Taha v. Immigration & Naturalization Service

828 F. Supp. 362, 1993 U.S. Dist. LEXIS 10860, 1993 WL 311380
CourtDistrict Court, E.D. Pennsylvania
DecidedAugust 6, 1993
DocketCiv. A. 92-7224
StatusPublished
Cited by7 cases

This text of 828 F. Supp. 362 (Taha v. Immigration & Naturalization Service) is published on Counsel Stack Legal Research, covering District Court, E.D. Pennsylvania primary law. Counsel Stack provides free access to over 12 million legal documents including statutes, case law, regulations, and constitutions.

Bluebook
Taha v. Immigration & Naturalization Service, 828 F. Supp. 362, 1993 U.S. Dist. LEXIS 10860, 1993 WL 311380 (E.D. Pa. 1993).

Opinion

MEMORANDUM — ORDER

ANITA B. BRODY, District Judge.

Plaintiff has filed a pro se complaint alleging violation of 42 U.S.C. § 1983 against the Immigration and Naturalization Service (“I.N.S.”), the Secretary of the U.S. Department of Education, 1 the “United States Department of Post Secondary Education,” 2 “Deputy Read Wallace,” 3 and John F. Morris, Financial Aid Director at Temple University.

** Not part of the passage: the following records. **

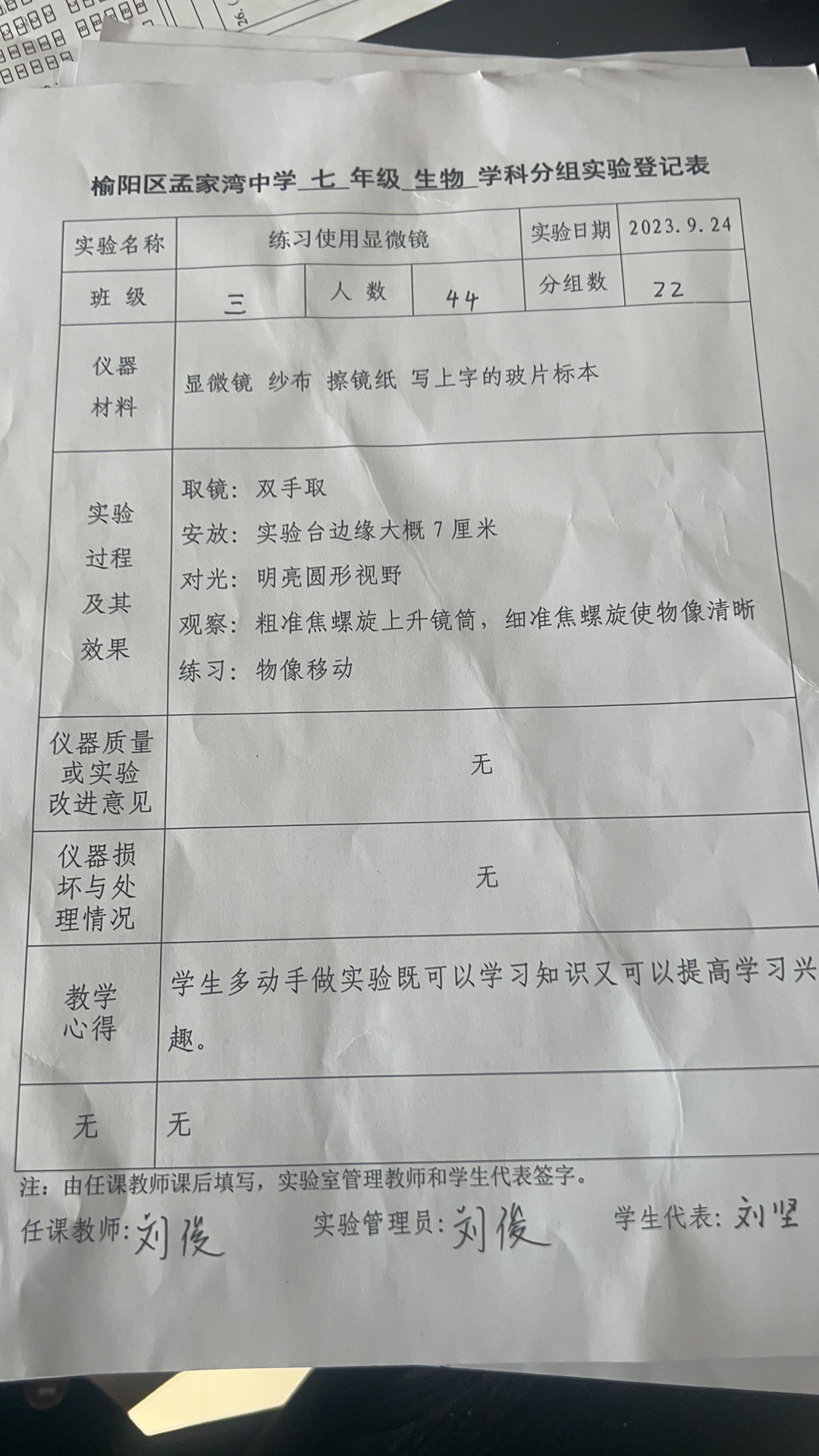 实验登记表
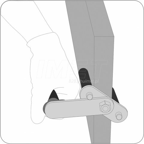 Sposób użycia Umieścić krawędź płyty między trzpieniami uchwytu, unieść do góry trzymając za rękojeść. Trzpienie zacisną się z obu stron płyty umożliwiając jej podniesienie.
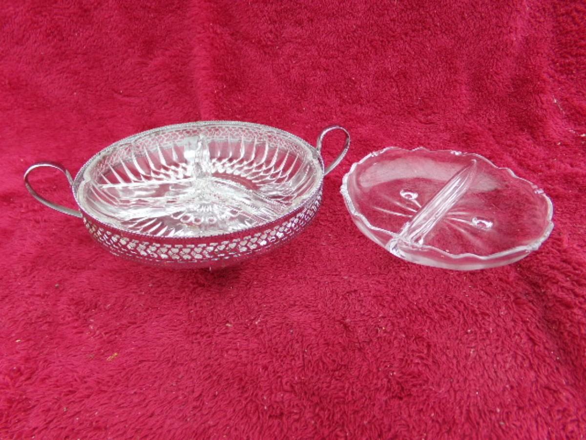 Two footed relish dishes. Larger one is 7-1/4" dia. and has 3 dividers and chromed metal frame w/handles. Smaller is about 6-1/4" dia. and has single divider & glass feet.
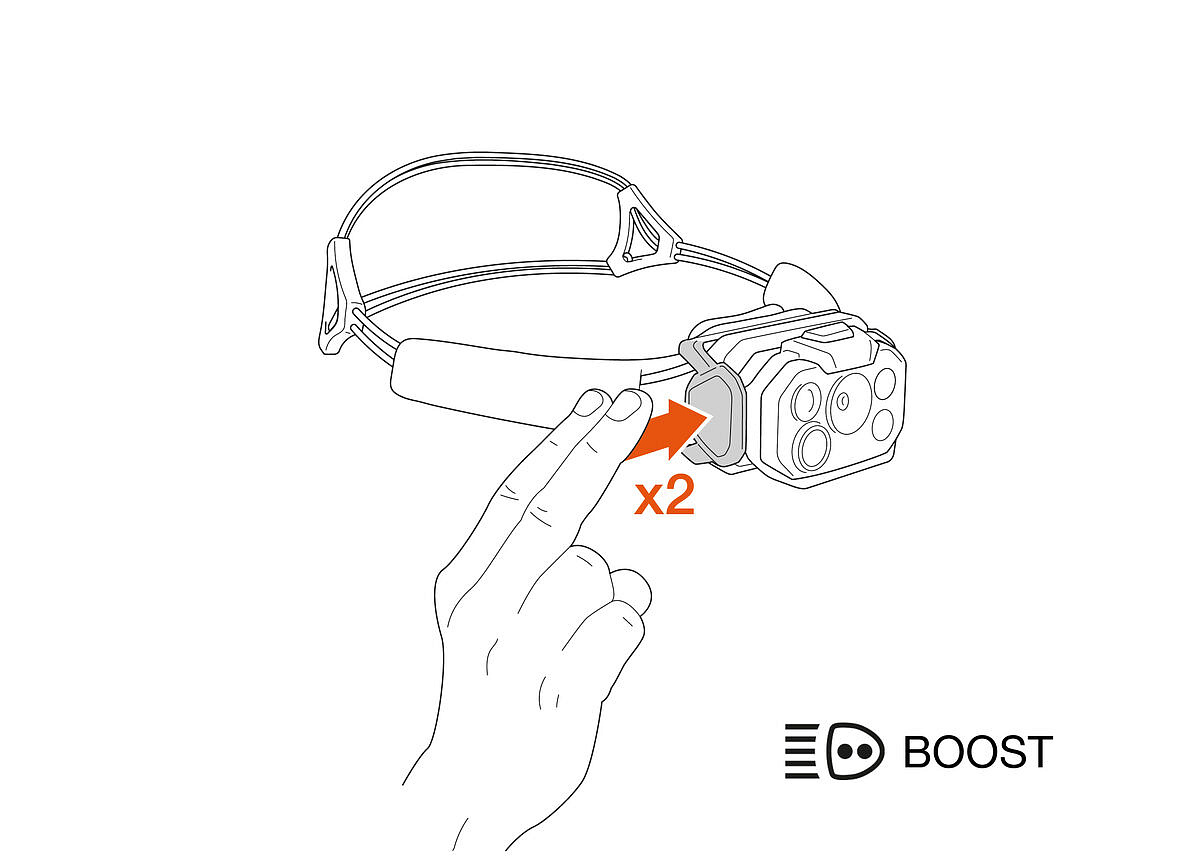 • 6sekundový posilovač výkonu BOOST se aktivuje rychlým dvojitým klepnutím prsty na bok svítilny, pomůže vám při orientaci v terénu na trase
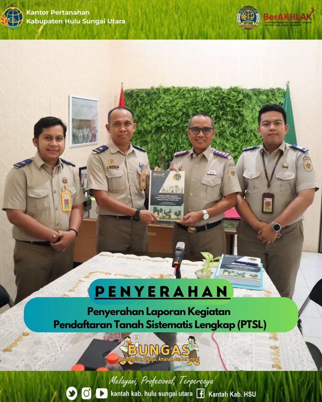 RILISKALIMANTAN.COM, KALSEL - Ketua Panitia Adjudikasi Pendaftaran Tanah Sistematis Lengkap (PTSL) Tahun 2024, Akhmad Sabirin, S.ST., bersama jajaran resmi pada Senin (6/1/2025) menyerahkan Laporan Kegiatan PTSL Tahun 2024 kepada Kepala Kantor Pertanahan Kabupaten Hulu Sungai Utara, Sofia Rachman. Acara ini menandai pencapaian penting dalam pelaksanaan program nasional PTSL yang bertujuan memberikan kepastian hukum atas kepemilikan tanah di wilayah tersebut.

The Immigration and Naturalization Service and the United States Department of Education (the “federal defendants”), and defendant Temple University, now have both moved to dismiss plaintiffs complaint pursuant to Fed.R.Civ.P. 12(b)(6) for failure to state a claim on which relief can be granted.

Plaintiff claims that defendants denied her “due process,” (Complaint, at p. 1) and “equal protection,” (Complaint, at pp. 1-2) because her student financial aid was canceled by Temple University after the plaintiff was not able to provide the university with proof of her citizenship. (Complaint, at pp. 2-3) Plaintiffs complaint seeks immediate relief in the form of an injunction, 4 and on March 31, 1993, the court held an emergency hearing on plaintiffs request for an injunction. At that hearing, the plaintiff failed to establish the requirements for the issuance of an injunction, and the court in an order dated March 31, 1993 denied plaintiffs petition for emergency relief.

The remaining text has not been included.